This blog typically relates to my professional life as a specialist in software testing, so I hope you will indulge me with a much more personal blog post than usual here today.
It’s not exactly a secret that I’m a massive fan of the UK rock band, Status Quo. I’ve been seeing them live for just over thirty years and collecting their records and memorabilia for even longer. The band in its various forms over the years has given me some of the most memorable times of my life and I’ve made the most incredible friendships as a result of following them.
My passion – sometimes referred to as an “obsession” – has brought me great joy, but on Christmas Eve 2016 it has now also brought me great sadness. With incredible timing, just the day after the “Last Night of the Electrics” tour concluded in Liverpool (UK), I received the news that Rick Parfitt had passed away. Being in the UK at the time, it was big news – and quite surreal watching the news stories talking about the rock hero we all thought was indestructible. I was unsure whether to blog immediately to capture my raw emotions but Christmas didn’t feel like the right time. Two weeks after the event, it feels like an appropriate time to take a moment for me to put virtual pen to virtual paper in some kind of tribute to Rick.
I appreciate that many of you reading this may not have heard of Rick, so a few words by way of historical record are in order.
It was a chance meeting at Butlin’s holiday camp in Minehead in 1965 that brought a young Rick Parfitt (then performing in a trio called The Highlights) together with a young Francis Rossi (then performing in a rock combo called The Spectres) with Rick officially joining the band that would become Status Quo in 1967. It was a partnership that lasted almost fifty years, quite incredible. Quo’s longevity is well documented and they remain the band with the most Top 40 hits in the UK (with an untoppable 57).

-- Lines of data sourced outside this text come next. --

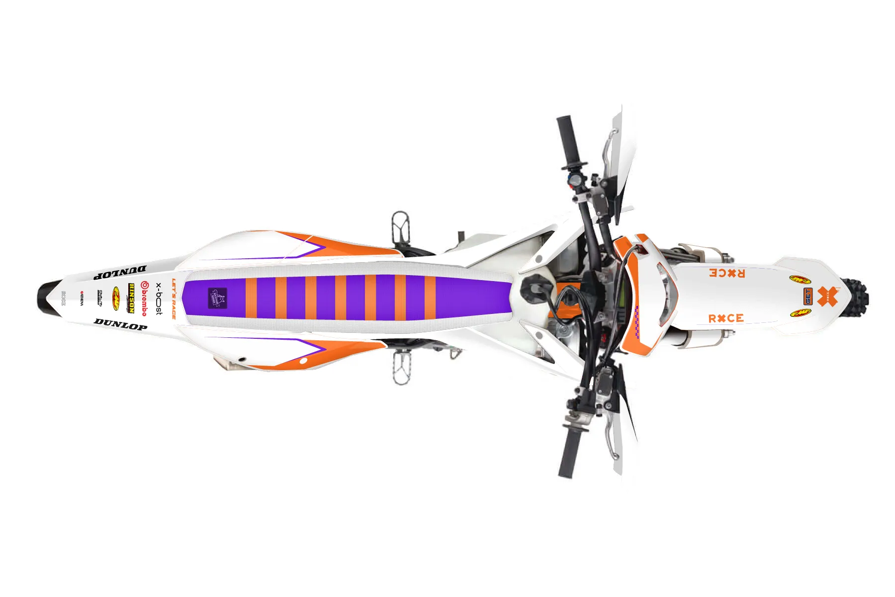 «Retro» — готовый комплект графики серии Staple для KTM Enduro Graphic Kit KTM EXC-F 500 2020. В комплекте: графика на бак и боковые облицовки, крылья (переднее и заднее), передний щиток, номерные таблички, защита вилки. Материал: ПВХ-винил 80 мкр с холодной ламинацией 300 мкр, общая толщина 380 мкр; покрытие глянцевое или матовое на выбор. Устойчив к UV-излучению, воде, бензину и мойке высокого давления. Клей акриловый на сольвентной основе — постоянный, для гибких пластиков. На простых поверхностях монтируется без нагрева; для сложных изгибов рекомендуем фен. Этот пресет можно заказать как есть или взять за основу в конструкторе: поменять цвета, добавить стартовый номер и свой бренд. Производство — 3–5 рабочих дней, доставка по России СДЭКом или Почтой, по СНГ — курьерскими службами.
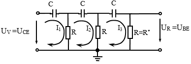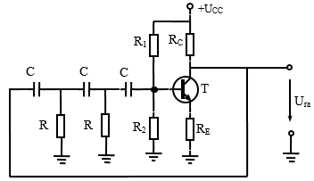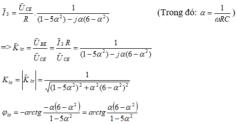 Từ (2) ta thấy, mỗi mắt lọc thông cao RC gây nên sự di pha tín hiệu jRC< 900 khi R, C khác không. Để thực hiện di pha 1800 thì khâu hồi tiếp phải có ít nhất là 3 khâu RC, mỗi khâu di pha tín hiệu một góc jRC= 600. Có thể dùng các khâu RC có trị số khác nhau, tuy nhiên để đơn giản ta dùng 3 khâu RC có trị số như nhau. Muốn vậy các điện trở trong sơ đồ mạch điện phải thoả mãn điều kiện sau: R*= R1//R2//(rBE+RE) = R.
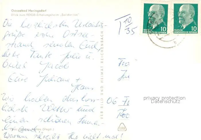 Heringsdorf_Ostseebad_Usedom FDGB Erholungsheim Solidaritaet Heringsdorf_Ostseebad postalisch gelaufen nach 1965 Erhaltung siehe scans [FriedD77] Frierer
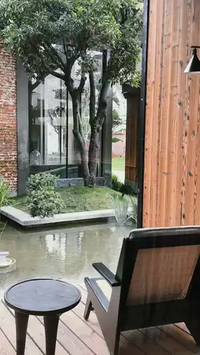 Transformed from an old textile factory, it retains industrial-era red brick walls and towering chimneys while blending in contemporary Chinese elements. The fusion of old and new creates an immersive atmosphere, transporting you back in time. Arched corridors and sunlit courtyards are filled with artistic details. The lush garden and koi pond add a serene oasis amidst the urban hustle.
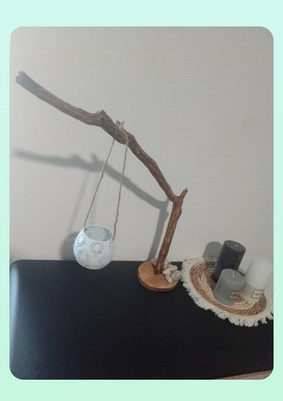 Centre de table en bois recyclé avec support bougie incluse. Ce centre de table est fabriqué artisanalement à partir de bois de recyclage ramassé dans la nature, et soigneusement transformé . Cet article peut provenir d'arbre donc ne peut être reproduit à l'identique car ils possèdent une forme unique. Frais de port inclus.
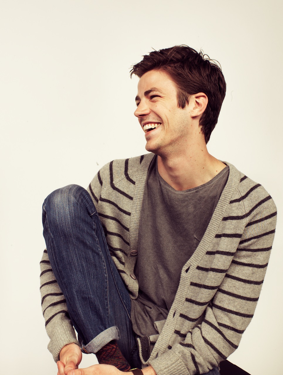 Soit dans un look débraillé avec une chemise ou un t-shirt plus long que le gilet et qui va dépasser par dessous. Comme Grant Gustin, l’acteur de la série The Flash adaptée de DC Comics.
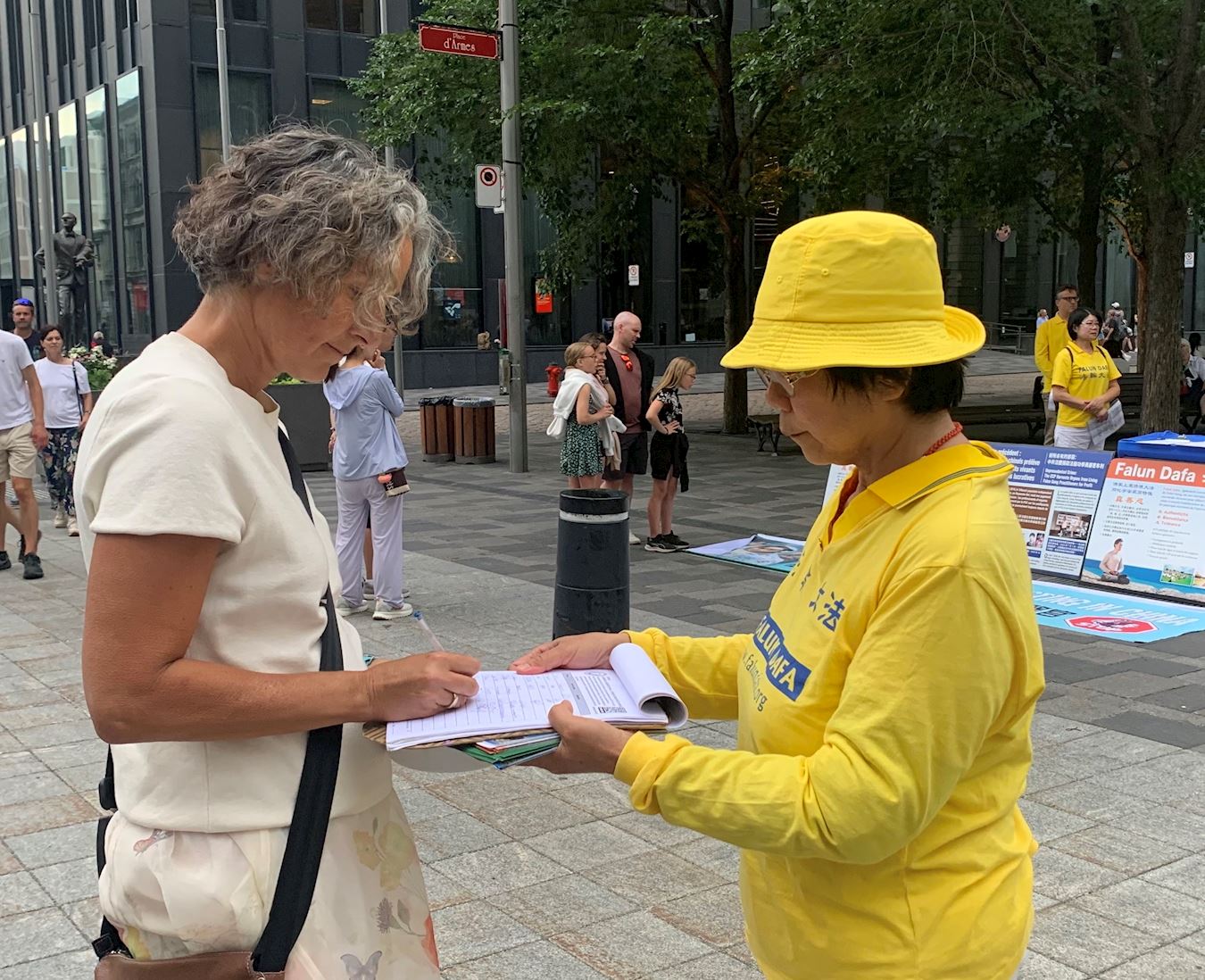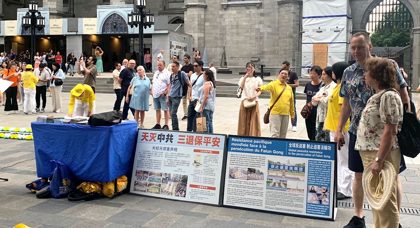 兵器广场是蒙特利尔著名景点,一拨拨的游客驻足观看真相展板,聆听法轮功学员的发言。有人流泪了,许多人在征签信上签名,支持法轮功学员反迫害。
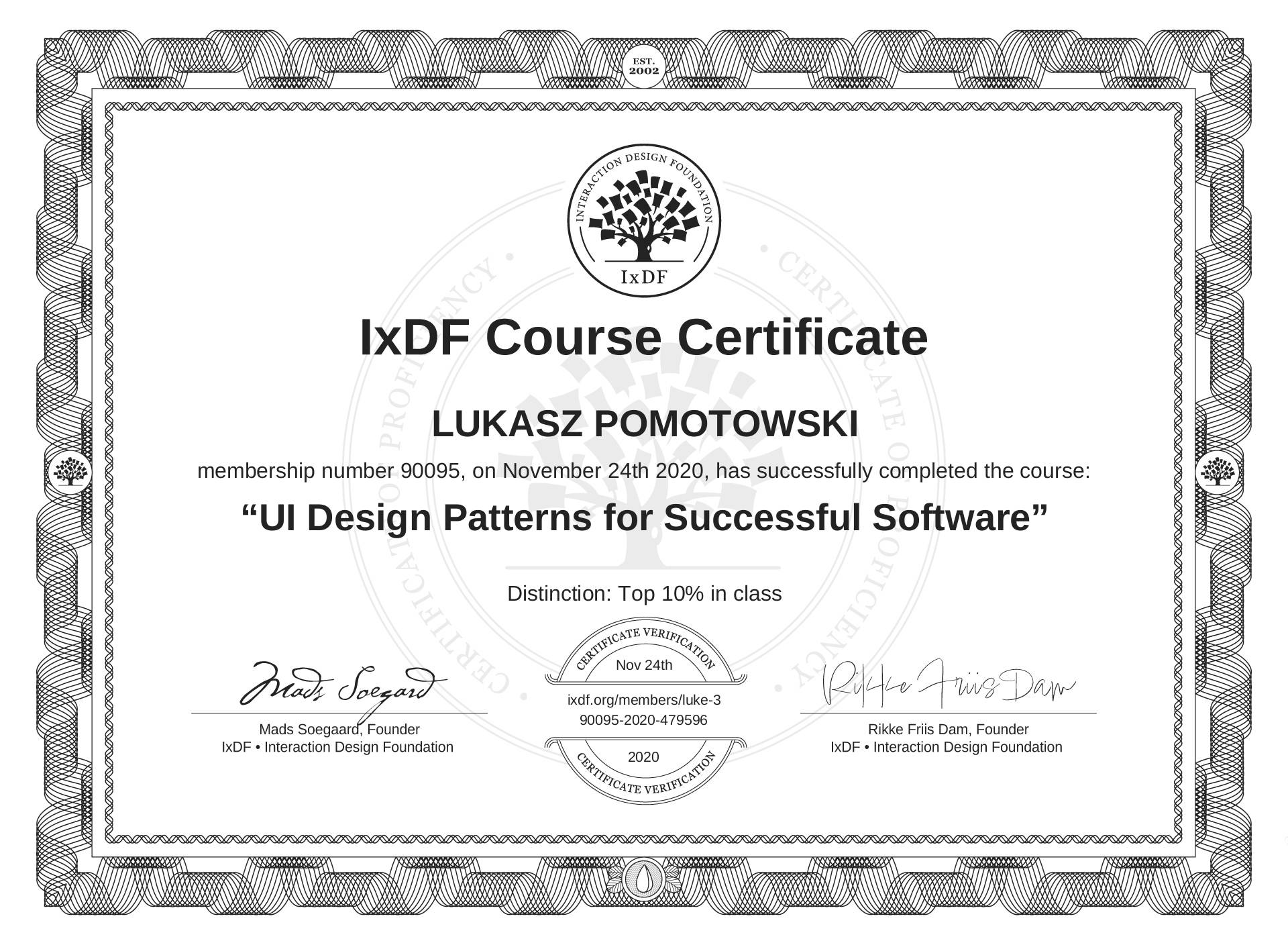 ŁUKASZ POMOTOWSKI's IxDF Course Certificate: UI Design Patterns for Successful Software

This early colour TV appearance shows a very young Rick in full flow, his face barely visible thanks to the long blonde hair:
The rock and roll excesses of the 70s and 80s certainly didn’t pass Rick by and Quo’s conformance to the sex, drugs and rock & roll mantra is also well documented.
Rick played hard on stage and lived life to the full off it. After decades of mistreatment, his body showed the first signs of cracking, with his first major health scare coming in 1997 when he underwent a quadruple heart bypass – but he was still back on stage a few weeks later. In 2005, he had a throat cancer scare and then it was more heart trouble in 2011 with surgery required after another heart attack and then another heart attack in 2014. His most recent heart attack came shortly after a very hot gig in Turkey in June 2016 and this ultimately led to him retiring from touring duties with the band.
He will perhaps be best remembered for his legendary rock star blonde locks (which stayed with him even in his sixties) and his incessant rhythm guitar skills on his faithful white Fender Telecaster. There are few rock rhythm players around who could go head to head with Rick and the following relatively recent clip (well, in Quo terms anyway, it’s from the 2009 Glastonbury festival) shows his power, opening just one of many thousands of Quo gigs with the iconic “Caroline”. Rick with his back to the “wall of death” of amps thrashing out the opening chords of this song is surely one of rock’s most recognizable images.
Rick was also a significant part of the songwriting ammunition for Quo, penning (and co-writing) a number of their best known songs, including “Whatever You Want”, “Rain”, “Again and Again”, “4500 Times”, “Backwater”, “Little Lady” and “Mystery Song”.
I’ve been lucky enough to see Quo live over 250 times and also very fortunate to have met the band, including Rick, on many occasions. He was always friendly and ready to crack a joke, always the rock star but also always just one of the lads.
Some of my most memorable meetings with Rick occurred on Australian shores over the last 20 years or so, where it’s easier for the band to mingle with the public than in Europe where they are much better known. Rick once said that his favourite place on Earth was in Australia – a place called Magnetic Island off the coast of Queensland – and he always seemed relaxed and happy being downunder. It is such a shame we will not get to welcome him to our shores again. The following photo comes from a meet & greet at the gig in Wollongong in 2006, happy memories indeed. I will miss seeing him up their doing what he did best – but the vast recorded legacy will always mean he is but a CD spin away.
Before leaving the UK to head back to Australia, I visited the tribute to Rick outside the Hammersmith Apollo (formerly Odeon). Each day I visited, more flowers and trinkets had been added to the tribute and different fans were there to pay their respects. Some took the chance to embrace fellow fans and let their emotions out, while others chose more solitary personal reflection at the site. This was an important thing for many of us, just somewhere to go to share our sadness with others who “get it”.
RIP Rick, keep on rocking, you will never be forgotten.
“Playing loud, playing clear
The song will never change
The memory will always be so near” (A Year, 1972)
(For an excellent collection of tributes to Rick, see the brilliant www.rickparfitt.de site.)